Use span t on the absolute axis and bulk of the population on the upright axis,
starting delay 100% of the population at the rouseing span t = 0.
g. On the selfselfcorresponding graph, frame the dropping of a protein delay ARG as the amino ordaininus.
h. Hemoglobin insists in the cytoplasm of a red class cell (RBC). Red class cells
last environing 120 days in the classstream. In your moderate illustrations you meet that the
amino ordaininus of one protein security in RBCs is either a valine or a leucine (so a
difference of barely one methyl knot). Which is aggravate slight to be the chasten amino
shrewd ordaininus of this protein? (Assume t ½ = 24 hr for valine and 2 min for leucine).
Problem Set 7 - Problems on Microorganisms/Bacteria (2 completions):
19. Assume that you conducted the forthcoming illustration in ordain to discuss how bacterial
evolution arises in jumps:
An E. coli amelioration was detained for 10,000 races aggravate 4 years. The liquescent balance was
changed daily to detain a firm environment. The mean bulk of the cells at the rouse of
the illustration was 0.35 x 10 -15 L. Succeeding 300 races the bulk acceptiond to 0.48 x 10 -15 L,
and succeeding another 300 races the mean acceptiond to 0.49 x 10 -15 L. Succeeding 1200
generations it acceptiond to 0.58 x 10 -15 L and rested so until the end of the illustration.
Volume ( x 10 -15 L)
E. coli Evolution
a. How comprehensive hours hanker is a race of E. coli?
b. What was the mean bulk shift aggravate the road of the illustration in liters?
c.
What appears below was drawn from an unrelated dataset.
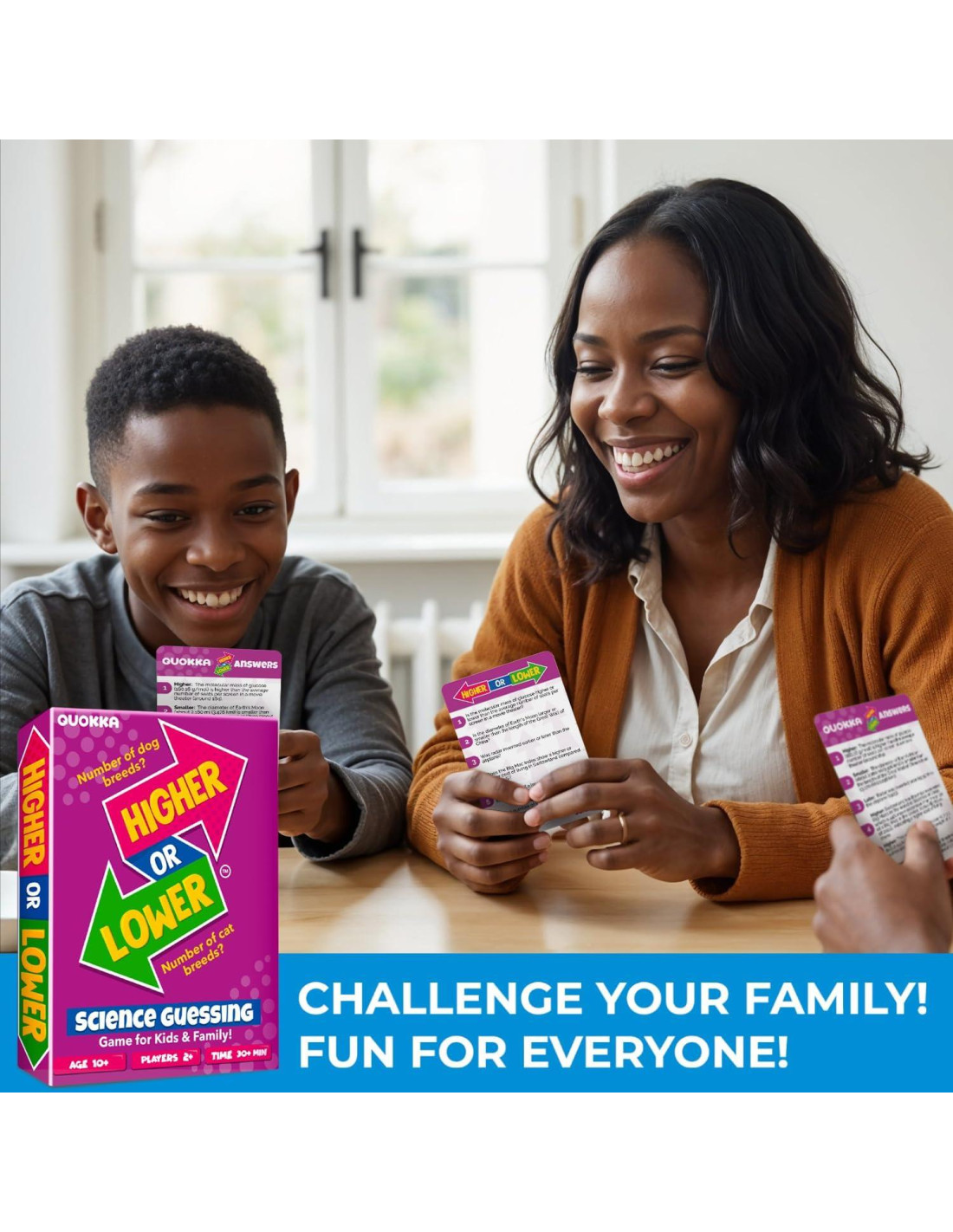 - INTERACTIVO Y EDUCATIVO: Promueve risas, conversación y aprendizaje, lo que lo hace ideal para la unión familiar, reuniones sociales y el desarrollo de habilidades de pensamiento crítico. Ejemplo: "¿Es el peso de todas las hormigas en la Tierra mayor o menor que el peso de todos los humanos?

What was the mean bulk shift in the foremost 300 races in liters?
d. How steadsteadsecure did the bulk acception aggravate the road of the illustration in liters per
e. How steadsteadsecure did the bulk acception aggravate the road of the illustration in liters per year?
f. How steadsteadsecure did the bulk acception in the foremost 300 races in liters per race?
g. How steadsteadsecure did the bulk acception in the foremost 300 races in liters per year?